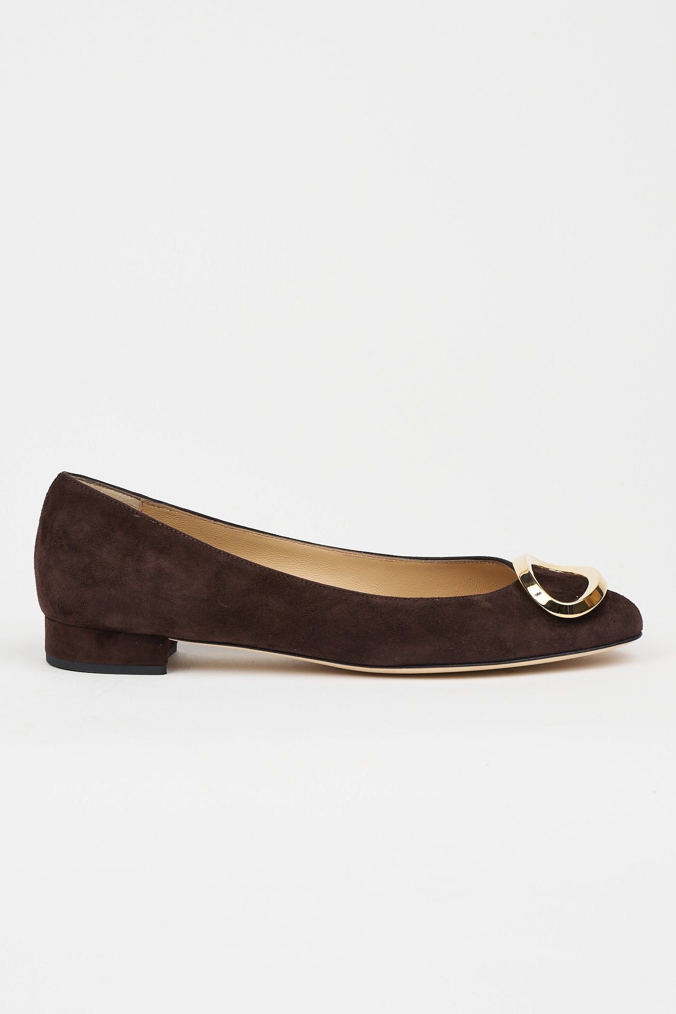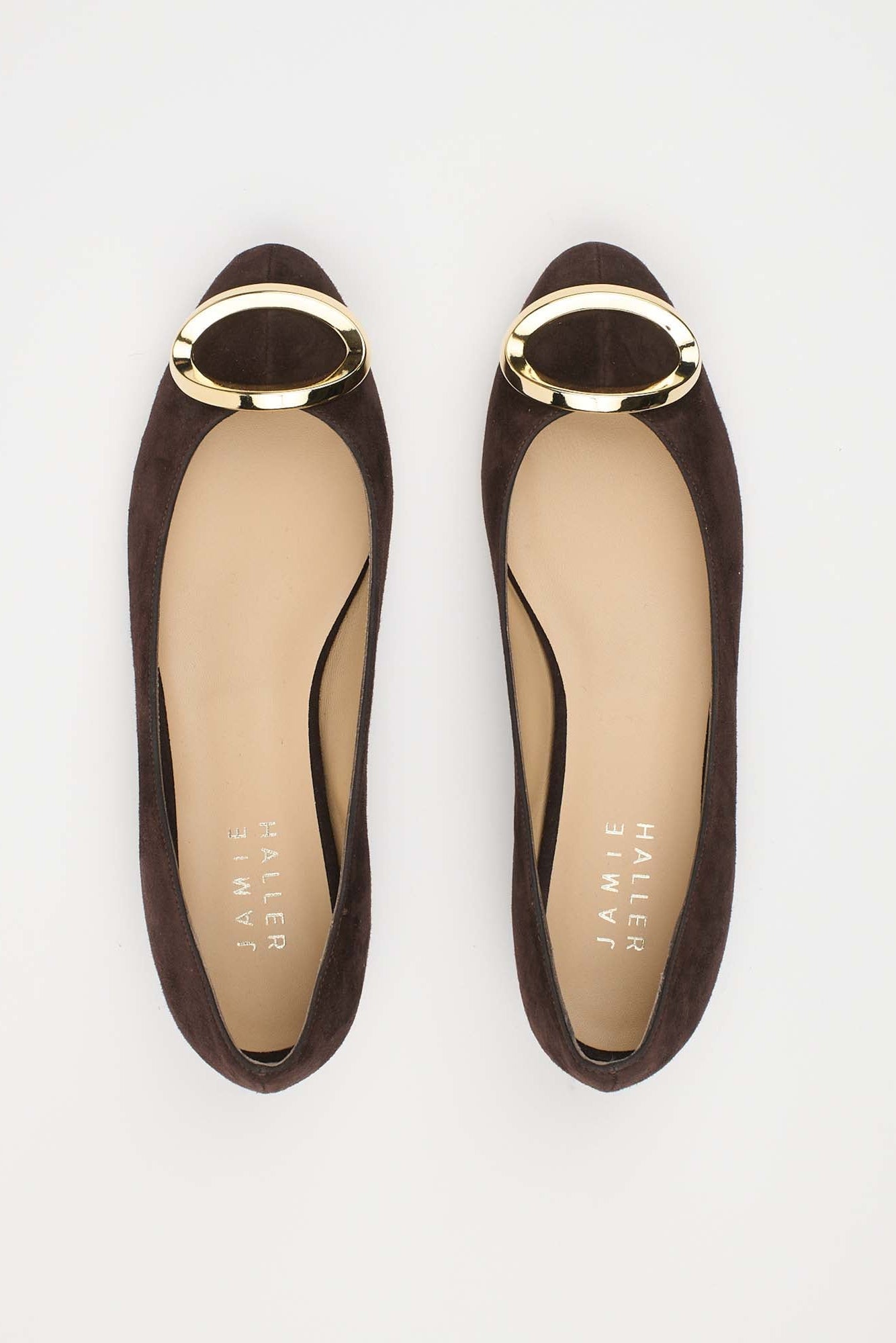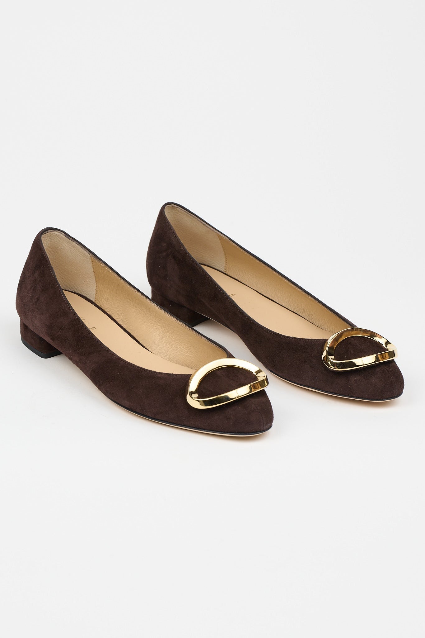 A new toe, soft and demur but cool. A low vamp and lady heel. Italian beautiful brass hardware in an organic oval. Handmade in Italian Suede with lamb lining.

_ _ _ _

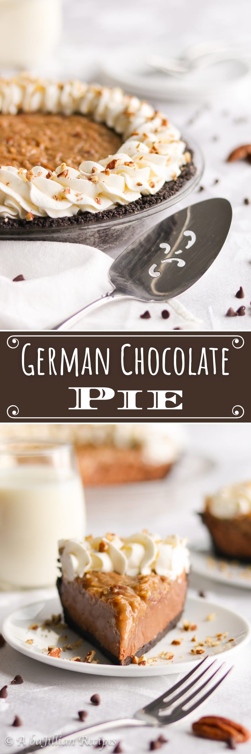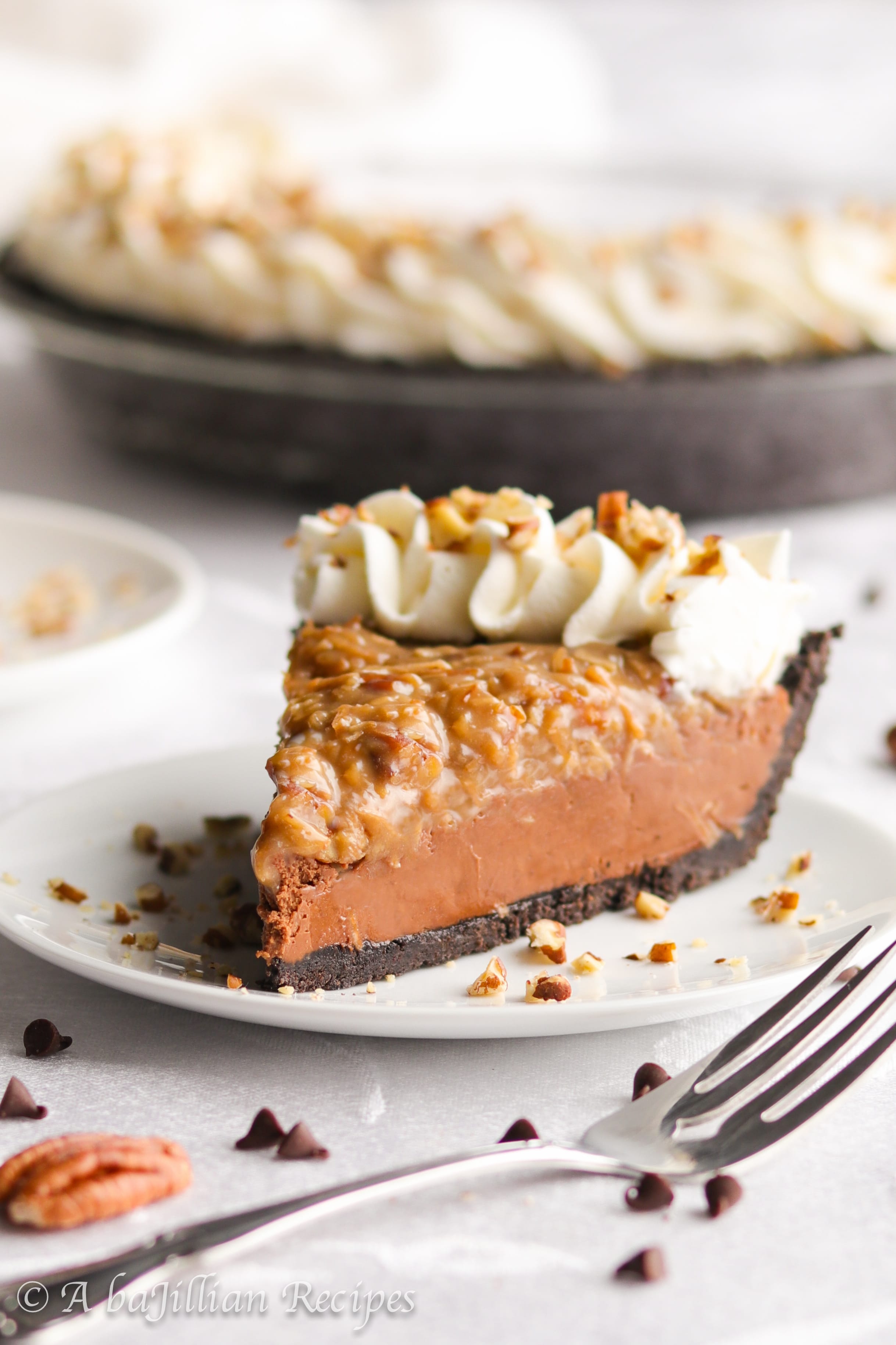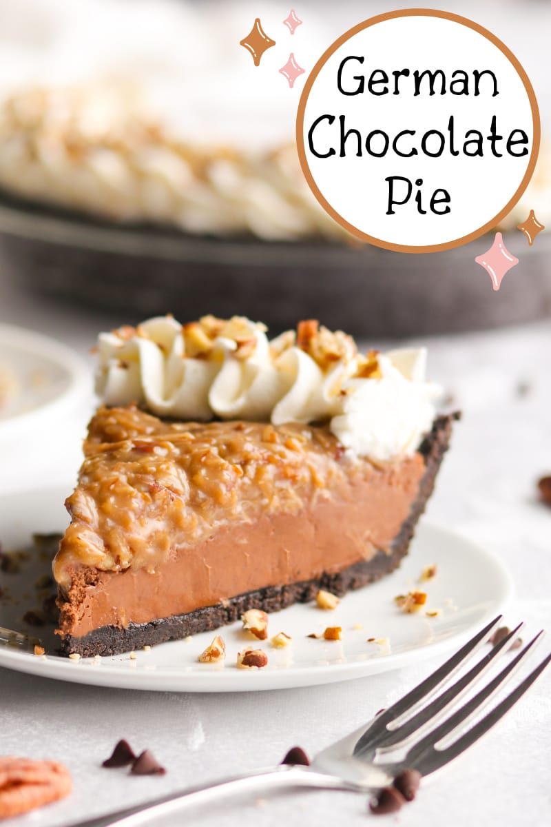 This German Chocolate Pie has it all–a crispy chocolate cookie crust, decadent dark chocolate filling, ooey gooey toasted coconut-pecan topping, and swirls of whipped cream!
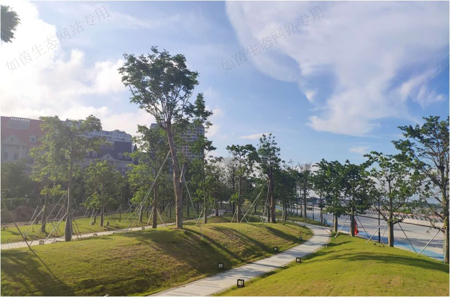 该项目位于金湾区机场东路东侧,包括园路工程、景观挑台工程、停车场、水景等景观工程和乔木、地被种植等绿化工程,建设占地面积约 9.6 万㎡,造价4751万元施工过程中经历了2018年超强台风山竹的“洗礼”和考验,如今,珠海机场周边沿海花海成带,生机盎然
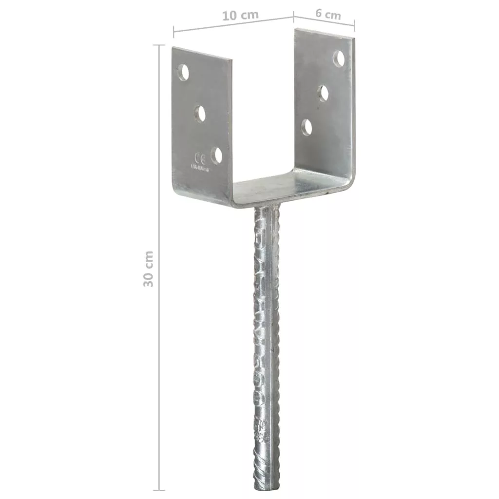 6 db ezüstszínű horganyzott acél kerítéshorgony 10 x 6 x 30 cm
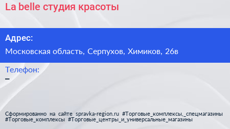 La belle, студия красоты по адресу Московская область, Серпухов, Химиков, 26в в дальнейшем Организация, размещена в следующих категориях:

_ _ _ _

### Exercise prompt
Within the listing above, extract exactly the lines that run from the one containing "6 db ezüstszínű" through the one containing "La belle, студия", excluding any pictures.

### Solution to this exercise
 6 db ezüstszínű horganyzott acél kerítéshorgony 10 x 6 x 30 cm
 La belle, студия красоты по адресу Московская область, Серпухов, Химиков, 26в в дальнейшем Организация, размещена в следующих категориях:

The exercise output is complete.